On Reserve
Spotlight -
T.S. Eliot
by Artur Wielgus

Thomas Stearns Eliot (1888 – 1965)
T. S. Eliot was an American
playwright, a poet and a literary critic of the Modernism movement.
His plays are set in England.
Murder in the Cathedral is his best action play. It is based on the
real story of the murder of Thomas Becket, Archbishop of Canterbury
in 1170 on the order of England’s King Henry II. Because Eliot was
experimenting with the play form, it contains a chorus of women of
Canterbury, different meters of verse and a sermon written in prose.
His intention was to completely use verse in drama. Eliot later said
that, “Mixture of prose and verse in the same play should be
generally avoided”. In this play, he used neutral style, committed
neither to the present nor to the past.
The Family Reunion is also a very good play. The action of the play
is in the northern part of England, in Wishwood. Harry, the main
character of the play, who cannot reconcile his past because of his
wife’s tragic death in which he took part, is haunted by the spirit
of his wife and is mentally unstable. He quickly changes his mind
and decides to leave a family reunion before even meeting his two
younger brothers, Arthur and John, who were delayed by car accidents
during bad, foggy weather.
In The Elder Statesman, Eliot describes how fame of the father can
complicate the life of his son Michael to the point that he wants to
leave England and start his life over.
In the play he is helped by Gomez, an acquaintance of his father
from the past college years, who was in jail for forgery. He had
left England, changed his name and made a fortune in a foreign
country to which he later invited Michael as his associate. The
other things in the play are reminiscences of life past, especially
Mrs. Carghill who is invading the privacy of The Elder Statesman,
Mr. Claverton. He was her first love when she was 18.
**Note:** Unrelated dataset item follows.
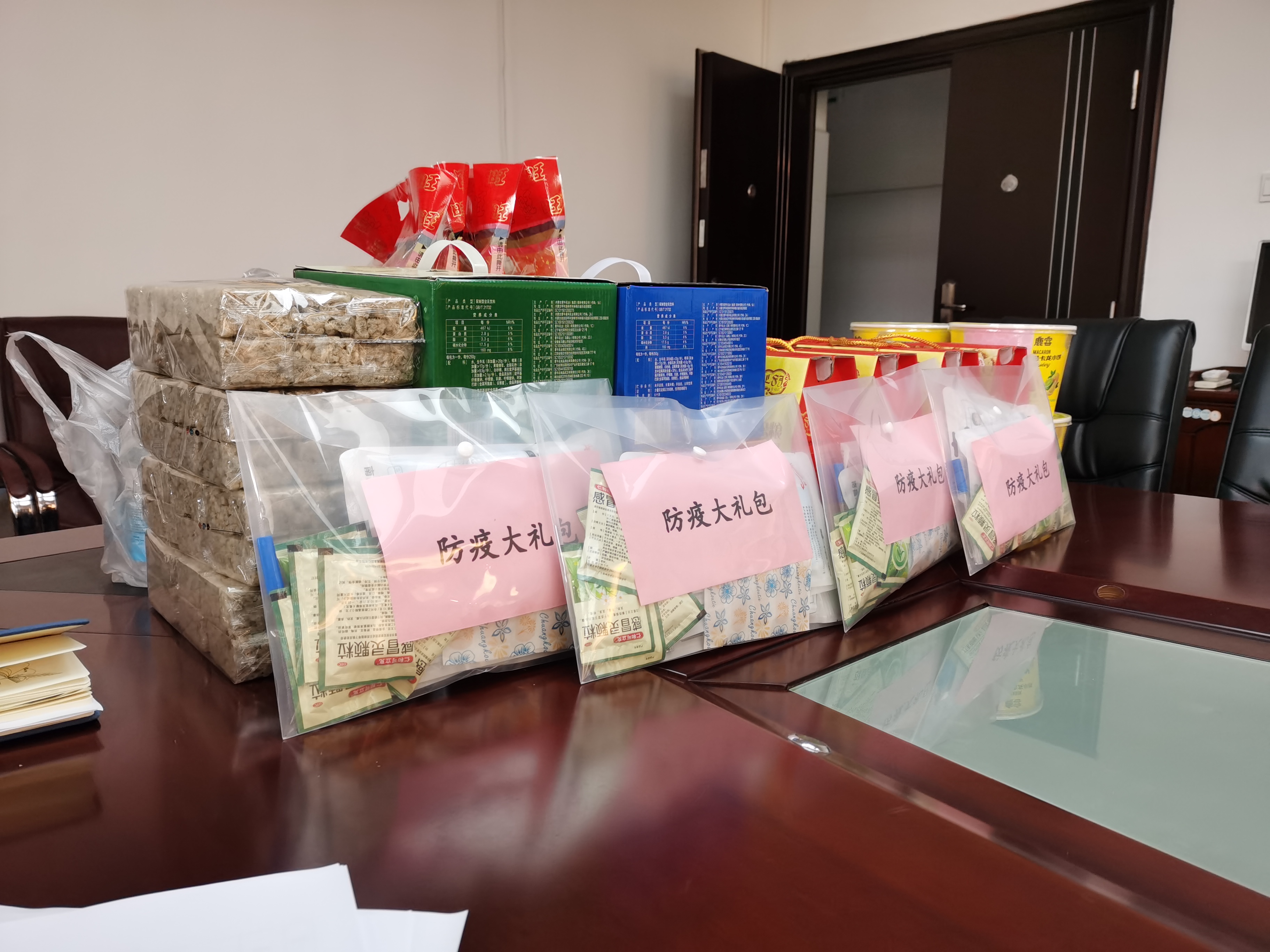 最后,院学工办代表公司向留校员工赠送防疫大礼包及春节慰问礼包。
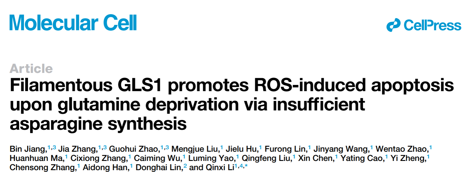 2022年4月4日,我室李勤喜课教授课题组在Molecular Cell杂志在线发表了题为Filamentous GLS1 promotes ROS-induced apoptosis upon glutamine deprivation via insufficient asparagine synthesis的研究论文。该研究首次报道了谷氨酰胺缺乏能够诱导谷氨酰胺酶(GLS1)形成杆状多聚体进而促进细胞凋亡的机理。

In The Cocktail Party, the author gets rid of chorus in the play and
later Eliot says, “Verse in drama needs to be as natural as prose.
We have to accustom our audiences to verse rhythm to the point at
which they will cease to be conscious of it and that by using poetry
in a drama, we can better express our emotions. Verse is not merely
a formalization, or an added decoration, but that it intensifies the
drama.” The rhythms of regular blank verse had become too remote
from the movement of modern speech.
According to T.S. Eliot, we need to illuminate and transfigure the
world of our audiences into a poetic drama, which needs to attain
musical order and should come to terms with the ordinary world. Let
us not to be the hollow men; “That corpse you planted last year in
your garden…
Daffodil bulbs instead of balls…” Life is short, art is long.
Posterity immortalizes our work and then nothing can be changed.